Workflow to plot the individual reads in a region of interest in a Strand-seq library. Written by Benedict March 2023, please let me know if you have any suggestions/issues!
Clone this repository like so:
git clone https://github.com/Sanders-Lab/strand-seq-read-plots
Then you can change directory into the created folder to run the scripts:
cd strand-seq-read-plots
For the shell script you will need samtools
installed and in your environment (e.g. via conda: conda install -c bioconda samtools
).
For the R script you will require tidyverse for dplyr & ggplot2, which you can load with library(tidyverse)

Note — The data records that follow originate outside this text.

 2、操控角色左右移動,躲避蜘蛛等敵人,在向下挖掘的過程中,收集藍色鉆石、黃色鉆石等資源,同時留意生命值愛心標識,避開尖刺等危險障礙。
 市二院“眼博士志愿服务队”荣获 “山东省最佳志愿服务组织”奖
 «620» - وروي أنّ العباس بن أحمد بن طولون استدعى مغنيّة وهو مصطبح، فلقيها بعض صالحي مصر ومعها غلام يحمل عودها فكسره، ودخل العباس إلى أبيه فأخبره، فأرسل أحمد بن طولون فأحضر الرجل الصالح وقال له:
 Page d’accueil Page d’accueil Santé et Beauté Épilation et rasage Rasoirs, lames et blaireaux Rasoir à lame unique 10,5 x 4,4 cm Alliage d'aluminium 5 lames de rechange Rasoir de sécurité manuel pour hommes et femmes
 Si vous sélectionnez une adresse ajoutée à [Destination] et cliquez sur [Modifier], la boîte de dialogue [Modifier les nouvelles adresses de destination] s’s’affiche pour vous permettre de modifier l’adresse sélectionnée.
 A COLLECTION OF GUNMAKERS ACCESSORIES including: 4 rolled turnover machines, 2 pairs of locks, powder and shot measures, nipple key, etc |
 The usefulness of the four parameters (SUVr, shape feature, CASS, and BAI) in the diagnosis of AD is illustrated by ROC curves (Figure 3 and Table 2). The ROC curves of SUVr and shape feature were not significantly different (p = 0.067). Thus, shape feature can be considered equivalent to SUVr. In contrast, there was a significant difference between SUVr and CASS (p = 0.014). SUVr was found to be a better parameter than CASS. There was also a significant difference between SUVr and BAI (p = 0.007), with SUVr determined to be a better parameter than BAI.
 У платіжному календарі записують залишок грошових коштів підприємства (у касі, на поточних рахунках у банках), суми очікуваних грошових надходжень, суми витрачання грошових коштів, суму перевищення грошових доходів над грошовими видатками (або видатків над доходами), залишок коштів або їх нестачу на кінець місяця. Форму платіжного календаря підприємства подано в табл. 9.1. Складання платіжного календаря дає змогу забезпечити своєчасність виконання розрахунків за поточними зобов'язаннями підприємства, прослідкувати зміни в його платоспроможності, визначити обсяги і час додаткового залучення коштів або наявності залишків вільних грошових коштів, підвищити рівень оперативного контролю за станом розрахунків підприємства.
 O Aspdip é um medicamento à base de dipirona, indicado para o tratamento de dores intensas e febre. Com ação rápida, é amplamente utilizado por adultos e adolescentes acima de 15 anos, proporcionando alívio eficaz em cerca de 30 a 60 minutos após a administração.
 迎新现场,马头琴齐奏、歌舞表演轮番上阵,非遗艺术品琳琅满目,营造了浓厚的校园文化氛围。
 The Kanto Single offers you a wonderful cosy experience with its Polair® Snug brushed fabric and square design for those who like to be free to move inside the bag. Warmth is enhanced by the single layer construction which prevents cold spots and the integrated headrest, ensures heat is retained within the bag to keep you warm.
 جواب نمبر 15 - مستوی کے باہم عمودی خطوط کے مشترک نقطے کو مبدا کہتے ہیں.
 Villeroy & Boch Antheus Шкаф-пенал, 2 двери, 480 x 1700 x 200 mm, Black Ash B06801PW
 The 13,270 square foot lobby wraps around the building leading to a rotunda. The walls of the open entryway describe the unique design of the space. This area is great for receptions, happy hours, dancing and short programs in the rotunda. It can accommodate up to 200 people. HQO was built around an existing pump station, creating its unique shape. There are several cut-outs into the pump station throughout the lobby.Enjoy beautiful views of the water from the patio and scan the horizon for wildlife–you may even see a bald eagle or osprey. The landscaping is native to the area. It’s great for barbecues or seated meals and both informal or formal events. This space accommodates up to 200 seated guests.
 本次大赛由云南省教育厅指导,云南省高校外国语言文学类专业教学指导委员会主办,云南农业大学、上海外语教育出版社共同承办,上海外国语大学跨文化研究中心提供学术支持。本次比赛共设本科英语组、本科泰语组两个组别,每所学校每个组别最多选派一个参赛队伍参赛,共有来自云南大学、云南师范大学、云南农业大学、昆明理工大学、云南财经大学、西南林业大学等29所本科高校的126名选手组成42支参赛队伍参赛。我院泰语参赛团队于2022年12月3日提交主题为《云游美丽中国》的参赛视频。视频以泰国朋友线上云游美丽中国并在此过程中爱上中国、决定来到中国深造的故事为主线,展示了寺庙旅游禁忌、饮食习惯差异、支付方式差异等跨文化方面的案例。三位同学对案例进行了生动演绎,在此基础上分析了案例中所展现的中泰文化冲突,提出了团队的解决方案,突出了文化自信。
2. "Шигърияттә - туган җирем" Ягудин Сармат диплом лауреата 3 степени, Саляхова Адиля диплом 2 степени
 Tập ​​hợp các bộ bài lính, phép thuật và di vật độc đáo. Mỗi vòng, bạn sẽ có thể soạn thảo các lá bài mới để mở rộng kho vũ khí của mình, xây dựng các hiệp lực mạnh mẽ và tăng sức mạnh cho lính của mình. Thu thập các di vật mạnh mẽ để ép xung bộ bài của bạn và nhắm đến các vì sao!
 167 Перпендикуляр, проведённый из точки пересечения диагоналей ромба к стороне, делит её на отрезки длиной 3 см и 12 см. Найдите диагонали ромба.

or install with install.packages("tidyverse")
.
Note that due to dependency issues, you may find it better to have samtools and R in different conda environments.
The first step is to execute 1_extract_reads.sh
to extract the Watson and Crick reads:
bash 1_extract_reads.sh \
/fast/groups/ag_sanders/work/data/strand_seq/internal/human/P1530/bam \
chr16:5643516-7570129 \
P1530_example_output.txt
Where the 1st command line argument is a directory containing the bam files of interest, the 2nd is the region of interest (format CHROM:Start-End), and the 3rd is a filepath for the output file.
Next you can plot the reads in your region of interest in R, by sourcing the plot_counts()
function in 2_plot_reads.R
.
Here is an example script to visualise a region of interest on chr16 on P1530_i484:
source('2_plot_reads.R')
library(tidyverse)
reads_df = read.table("P1530_example_output.txt.gz", header = T) %>%
filter(cell == "P1530_i484_.sorted.mdup")
png("P1530_chr16_example_plot.png", width = 900, height = 300)
plot_counts(input_df = reads_df)
dev.off()
The output is the graph below. Enjoy!